Recuerdo con cierta nostalgia esos días de niño con mis amigos soñando a “construir” algo, por ejemplo, una cabaña en el árbol. Intentamos muchísimas veces hacerlo; primero armar con viejos palés de madera que restaban abandonados en un bosque de pinos mediterráneos cerca a nuestro barrio. Era realmente un trabajo en equipo y un gran reto al mismo tiempo. Nunca sabíamos como empezar, donde atar las primeras cuerdas, picar el clavo con la poca fuerza que teníamos, entre otras labores.  Una vez me quedé toda la mañana sólo analizando como bajar de un almendro donde los amigos un poco más mayores que nosotros habían construido una muy buena cabaña. Me salvó un buen amigo que hace tiempo nos dejó;  tampoco existe el almendro de la cabaña. De esa plantación de almendros la constructora no dejó ni uno, lamentablemente.

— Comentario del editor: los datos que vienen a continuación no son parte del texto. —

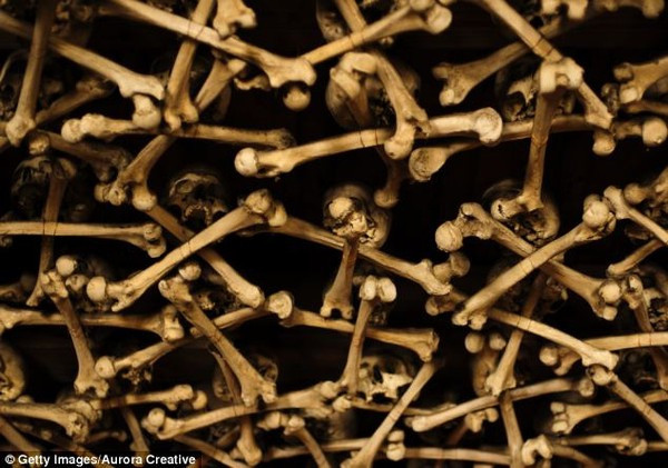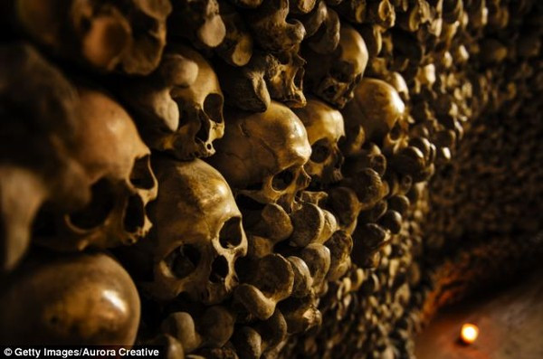 Hộp sọ và xương chân của hơn 3.000 nạn nhân được sắp đặt tỉ mỉ phía trên trần và tường. Trong khi đó, 21.000 xương bộ phận còn lại được giấu kín sau cánh cửa dẫn tới khu hầm mộ của nhà thờ.
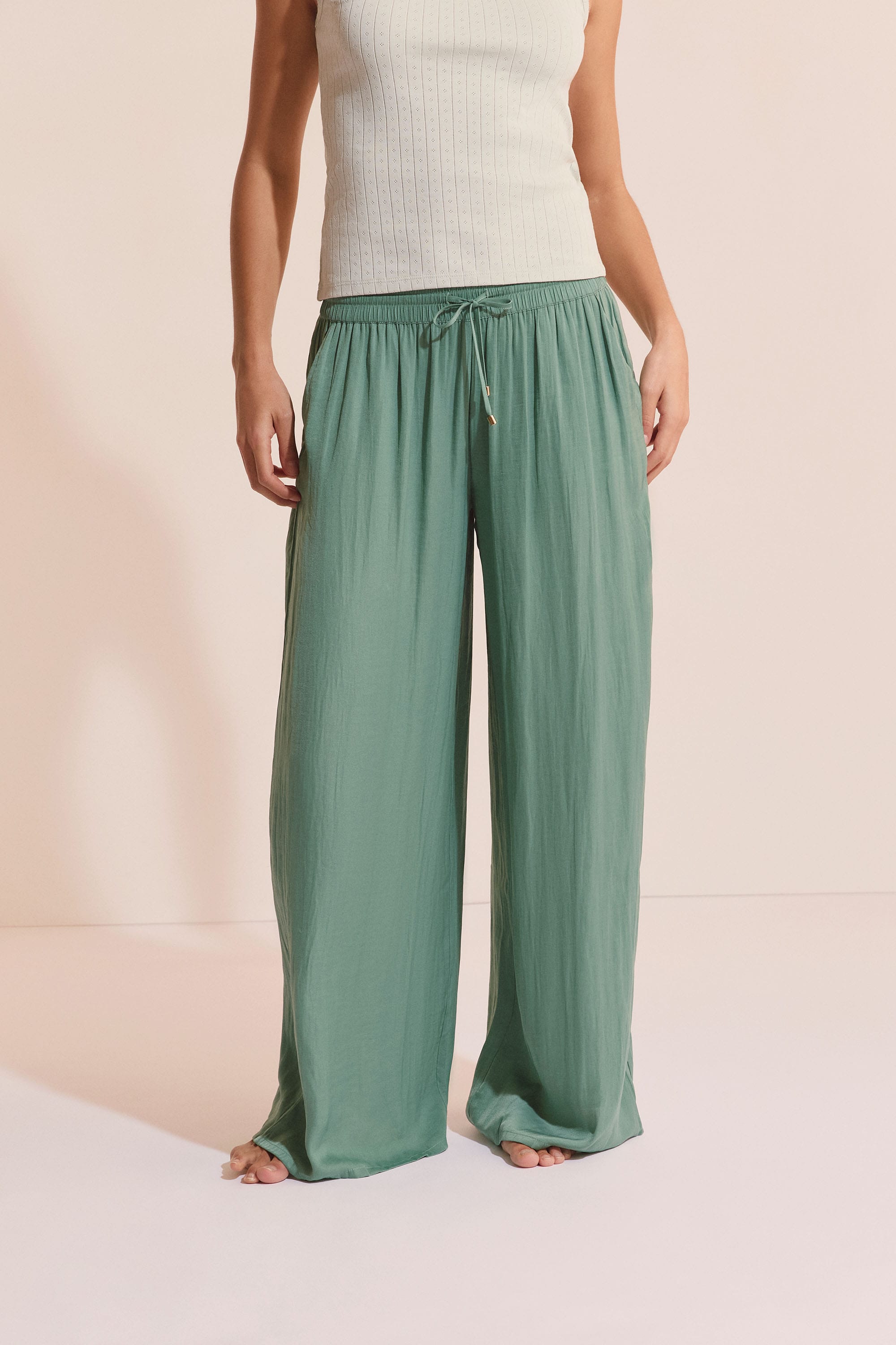 Large et délicatement satiné, ce pantalon à fronce offre un confort parfait et des nuits très douces. Ajoutez le caraco coordonné pour compléter le look.

Sólo queda en mi memoria ese paisaje tan bonito cuando los almendros florecían espectaculares en primavera y sobretodo jugar entre ellos, recoger almendras y con una piedra romper su cáscara para buscar su fruto; la almendra más exquisita, el momento más intenso, nunca más comí mejores almendras que esas con mis amigos. Quisiera por unos días, una semana o simplemente una hora rebobinar esa película. En mi pueblo el boom turístico fue tan fuerte, y tan aplastante con la naturaleza, que quizás impulsa en mi el interés por preservar árboles y plantar los que más podamos en las construcciones en ladrillo que hacemos hoy.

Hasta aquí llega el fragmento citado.